1917
Inmediatamente después del desayuno —esta vez no un desayuno opulento con champán: los dos caballeros se pusieron de acuerdo sobre el birchermüsli que yo les había recomendado—, continuamos nuestra conversación, en cuyo transcurso los dos, cuidadosamente, como si yo fuera una meidschi en edad escolar a la que no hubiera que escandalizar, me ilustraron sobre la guerra química, es decir, el lanzamiento de cloro gaseoso y la utilización bien calculada de gas cruz azul, cruz verde y, finalmente, cruz amarilla, contando sus propias experiencias, pero también otras experiencias recogidas.
Habíamos llegado sin rodeos a las armas químicas, después de haber mencionado Remarque la guerra de Vietnam, que se desarrollaba en la época de nuestra conversación, y de haber calificado de criminal el empleo del napalm, y lo mismo la utilización del llamado «agente naranja». Remarque dijo:
—Quien ha lanzado la bomba atómica no tiene ya escrúpulos.
Jünger consideraba la defoliación sistemática de la jungla mediante el bombardeo de alfombra con sustancias tóxicas como la prolongación lógica de los ataques con gases de su época, pero opinaba, de acuerdo en ello con Remarque, que, a pesar de su superioridad material, «los americanos» perderían aquella «guerra sucia» que no permitía ya la «actuación militar».
—Sin embargo, hay que reconocerlo: fuimos los primeros en soltar gas de cloro contra los franceses ante Ypres, el 15 de abril —dijo Jünger.
Entonces Remarque gritó, tan fuerte que una camarera que estaba junto a nuestra mesa se detuvo sobresaltada y se fue luego apresuradamente: «¡Ataque de gas! ¡Gas! ¡Gaaas!», y Jünger, con ayuda de una cucharilla, imitó el repiqueteo de las campanillas de alarma, aunque de pronto, como obedeciendo a una orden interior, se volvió realista:
—De acuerdo con el reglamento, comenzamos enseguida a engrasar nuestros fusiles, todos los metales.
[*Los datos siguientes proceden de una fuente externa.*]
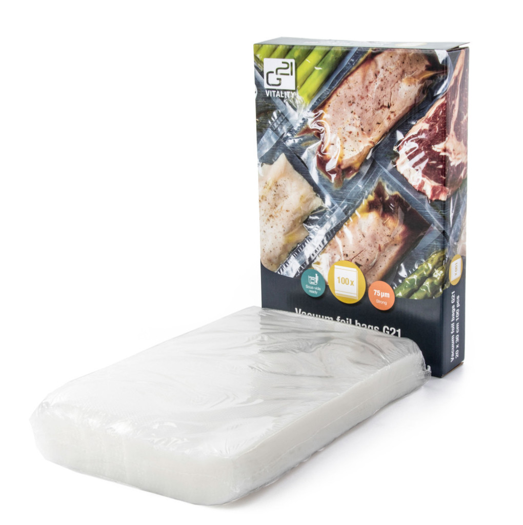 Jó minőségének és nagyszerű kialakításának köszönhetően a 20 x 30 cm méretű G21 vákuumzacskó nemcsak az élelmiszerek eltarthatóságának meghosszabbítására, de a hűtőszekrényben, vagy a fagyasztóban történő tárolására is alkalmas. Felhasználható a sous-vide főzéshez is.Minőségi, szilárd anyagA G21 vákuumzacskó nagy előnye, hogy egészségbarát, szilárd anyagból készül. Ha a vákuumozáshoz a G21 Onyx vagy G21 Nefrit gépet használja, melyek dupla huzalú forrasztással biztosítják a csomagolás zárását, biztos lehet benne, hogy a vákuumfólia, magas szakítószilárdságának köszönhetően nem szakad el, valamint nem fog ereszteni. Ezáltal biztonságosan feldolgozhatja az ételeket.A fólia felületeA minőségi G21 fóliákat a sokoldalúság érdekében kétféle felülettel láttuk el. A külső felülete az egyik oldalról sima és a másikról recés, tehát a fóliát minden típusú vákuumozó gépben használhatja (amenniyben megfelelnek az adott méreteknek).A belső felülete is hasonlóan van megoldva - az egyik oldala enyhén recés, tehát a G21 vákuumozó fóliákat nem csak szilárd és ömlesztett nyersanyagok vákuumozására használhatja, hanem bepácolt élelmiszerekre is. Amennyiben a belső felület sima lenne, a vákuumozó gép kiszívná a levegővel a pácot is, ami nem éppen a cél.A fólia egyik belső oldalán lévő recés felületnek köszönhetően a pác egyenletesen eloszlik a belsejében és a bepácolt hús vagy zöldség tökéletesen magukba szívja a pác összes aromáját.Könnyen, egyszerűen kezelhetőA G21 vákuumzacskó másik nagy előnye könnyed, egyszerű kezelhetősége. Egyszerűen csak helyezze be az alapanyagokat a fóliába és vákuumozza le. Ennyire egyszerű.A G21 vákuumzacskó fő előnyei 20 x 30 cmminőségi, szilárd anyagmagas szakítószilárdság, használhatja akár sous-vide főzéshez iskönnyű és gyors kezeléstöbbszöri, ismételt felhasználás

Luego nos atamos la máscara. Más tarde vimos en Monchy —poco antes de comenzar la batalla del Somme— a una multitud de afectados por el gas, que gemían y se ahogaban mientras les manaba agua de los ojos. Pero el gas de cloro actúa sobre todo corroyendo y quemando los pulmones. Pude ver su efecto también en las trincheras enemigas. Y poco después fuimos agraciados por los ingleses con gas de fósforo, de olor dulzón.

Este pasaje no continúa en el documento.